Search code examples
concurrencyarchitecturelockingamazon-ecs

Creating a scalable and fault tolerant system using AWS ECS


We're designing C# scheduled task (runs every few hours) that will run on AWS ECS instances that will grab batched transaction data for thousands of customers from an endpoint, modify the data then send it on to another web service. We will be maintaining the state of the last successful batch in a separate database (using some like created date of the transactions). We need the system to be scalable so as more customers are added we add additional ECS containers to process the data. There are the options we're considering:

  1. Each container only processes a specific subset of the data. As more customers are added more contains are added. We would need to maintain a logical separation of what contains are processing what customers data.
  2. All the containers process all of the customers. We use some kind of locking flags on the database to let other processes know that the customers data is being processed.
  3. Some other approach.

I think that option 2 is probably the best, but it adds a lot of complexity regarding the locking and unlocking of customers. Are there specific design patterns I could be pointed towards if that if the correct solution?


Solution

  • In both scenarios an important thing to consider is retries in case processing for a specific customer fails. One potential way to distribute jobs across a vast number of container with retries would be to use AWS SQS.

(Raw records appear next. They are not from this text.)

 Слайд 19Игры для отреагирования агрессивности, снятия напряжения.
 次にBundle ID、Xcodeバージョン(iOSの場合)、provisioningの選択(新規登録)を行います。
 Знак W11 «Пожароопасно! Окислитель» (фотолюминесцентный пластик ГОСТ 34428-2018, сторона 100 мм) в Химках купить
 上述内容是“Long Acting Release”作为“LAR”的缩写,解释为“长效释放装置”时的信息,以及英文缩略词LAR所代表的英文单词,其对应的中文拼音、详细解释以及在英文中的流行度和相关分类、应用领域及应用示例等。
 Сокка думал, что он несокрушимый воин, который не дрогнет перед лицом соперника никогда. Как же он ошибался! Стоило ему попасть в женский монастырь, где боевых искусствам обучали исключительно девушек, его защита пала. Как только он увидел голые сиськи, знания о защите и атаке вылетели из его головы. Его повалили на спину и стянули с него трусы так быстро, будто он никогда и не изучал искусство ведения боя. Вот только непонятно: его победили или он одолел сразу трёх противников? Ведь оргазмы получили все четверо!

    A single container would run periodically every few hours and be the job generator. It would create one SQS queued item for each customer that needs to be processed. In response to items appearing in the queue a number of "worker" containers would be spun up by ECS to consume items from the queue. This can be made to autoscale relative to the number of items in the queue to quickly spin up many containers that can work in parallel.

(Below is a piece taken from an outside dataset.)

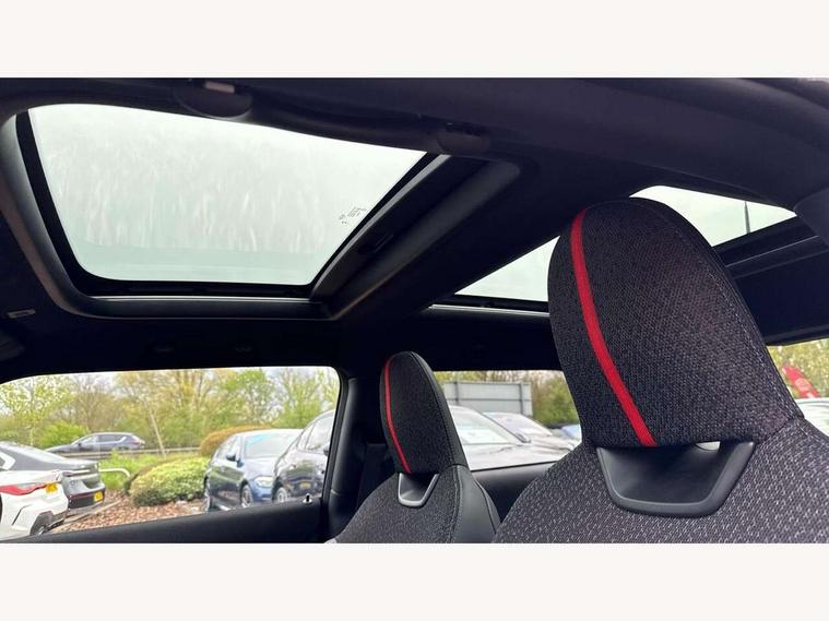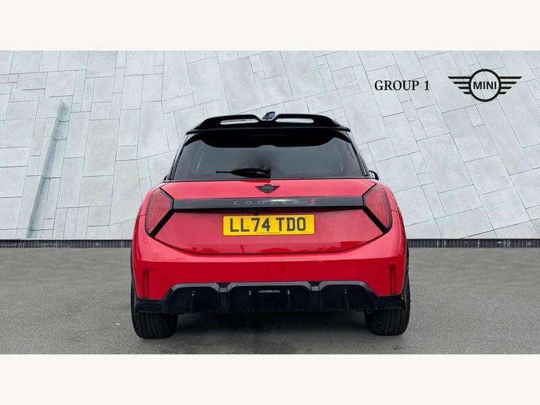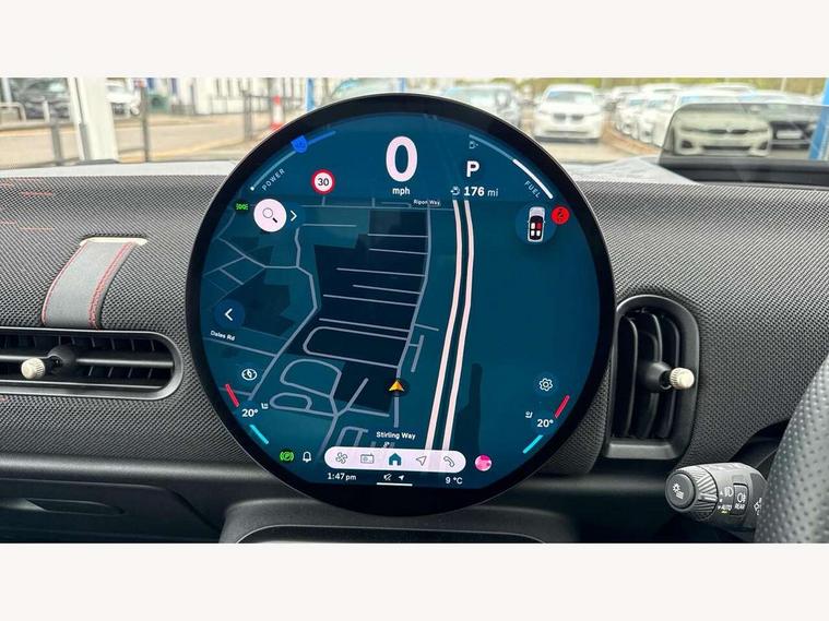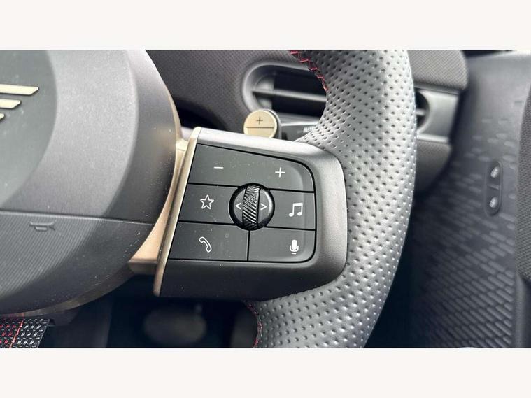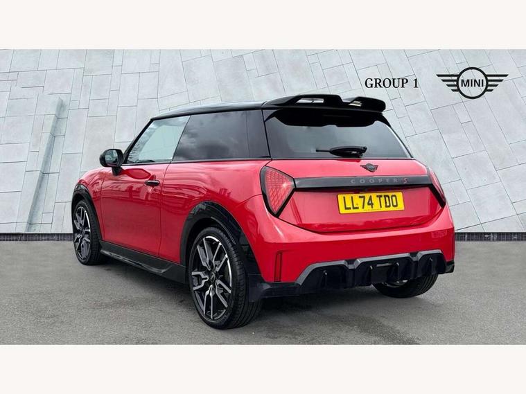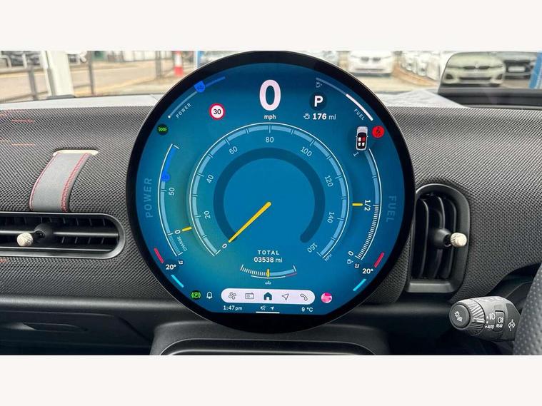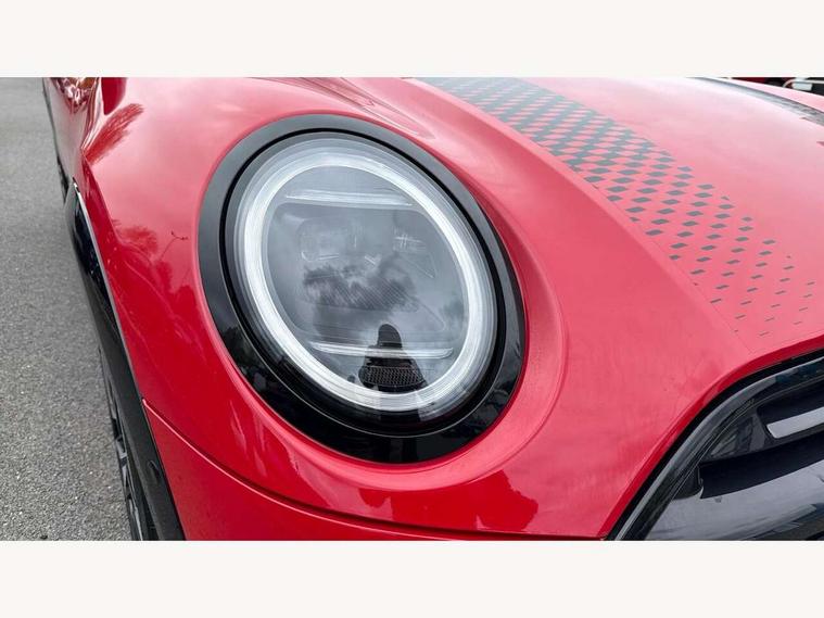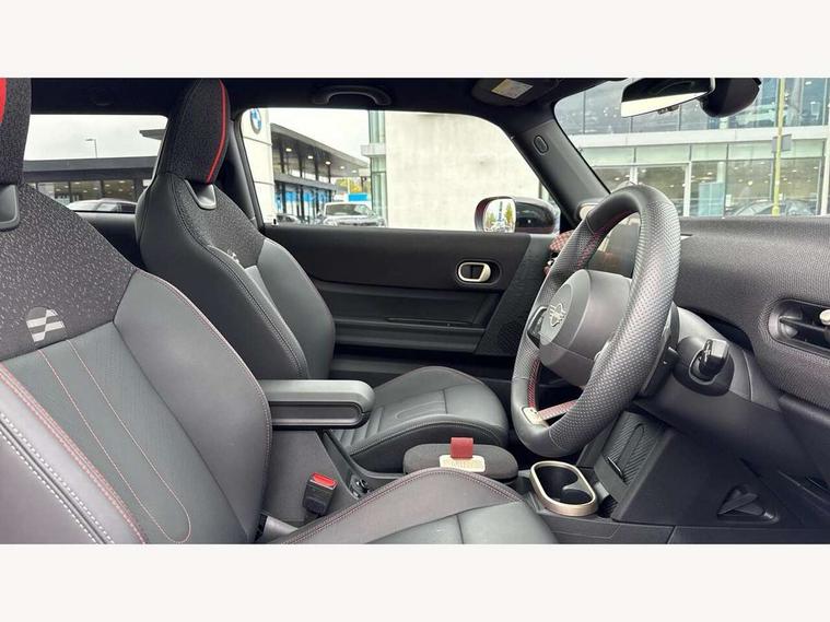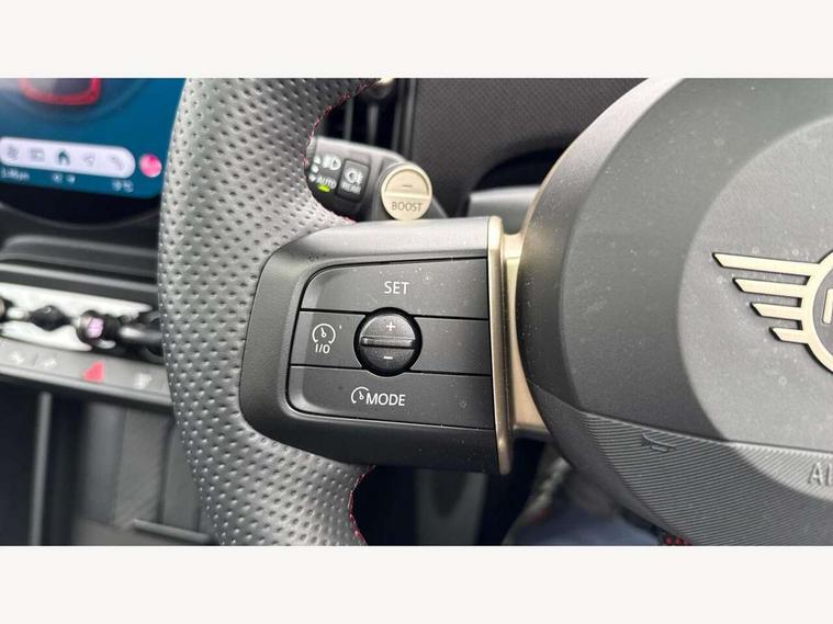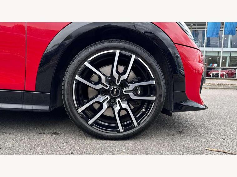 Central toggle bar, Circular OLED Screen, Compatible mobile phone bluetooth with audio streaming, Cruise control, Digital instrument cluster, Electro-mechanical speed dependant steering assistance, Emergency call service, MINI Experience Modes, Mini navigation system, On board computer, Service interval indicator, 7 speed steptronic sport transmission with double clutch, Adaptive suspension, DAB Digital radio, Personal eSim, Adaptable light signatures, Auto headlights, Electric adjustable heated door mirrors, Electric front windows, Front and rear apron, Heated rear window, Heated windscreen washer jets, High gloss black wheel arches, High gloss hexagonal patterned grille surround, JCW body kit, LED daytime running lights, LED indicator lights, LED rear lights, Rain sensor window wipers, Rear fog lights, Rear roof spoiler with airblades, Rear window wiper, 2 seat bench in second row, 2 zone automatic air conditioning, 60/40 rear seat bench, Ambient lighting, Black lower band in high gloss, Cupholders, Dark headliner, Floor mats, Front and rear head restraints, Front compact armrest, Heated steering wheel, Height adjustable passenger seat, Lidded storage box in Black/Red knit, Luggage compartment lighting, Partially perforated vescin steering wheel with red accent, black/red decorative strap, Single front passenger seat, Steering wheel paddle shift, Sunvisors with vanity mirrors, Vescin/Cord upholstery, Driving assistant pack - Cooper Hatchback, Level 1 pack - Mini Hatchback, Park assistant pack - Cooper Hatchback, 3 point seatbelts on all four seats, 6 Airbags - front, side, head and seat belt tensioners, Acoustic pedestrian protection, Anti-lock braking system (ABS), Brake caliper in Black with JCW badge, DSC - Dynamic Stability Control, Electronic parking brake, Front and rear disc brakes, Front ISOFIX (iSize), Front passenger airbag deactivation, JCW Sport Brakes, Traction control, Tyre pressure monitoring system, Alarm, Immobiliser, Remote central locking, Black/Red decorative dash strap, JCW Black/Red dashboard knit, Tyre repair kit,

    Each container would use its own high performance concurrent poller similar to this (https://www.npmjs.com/package/squiss) to start grabbing items from the queue and processing them. If a worker failed or crashed due to a bug then SQS will automatically redeliver and dropped queued items that worker had been working on to a different worker after they time out.

    This approach would give you a great deal of flexibility, and would let you horizontally scale out the number of workers, while letting any of the workers process any jobs from the queue that it grabs. It would also ensure that every queued item gets processed at least once, and that none get dropped forever in case something crashes or goes wrong.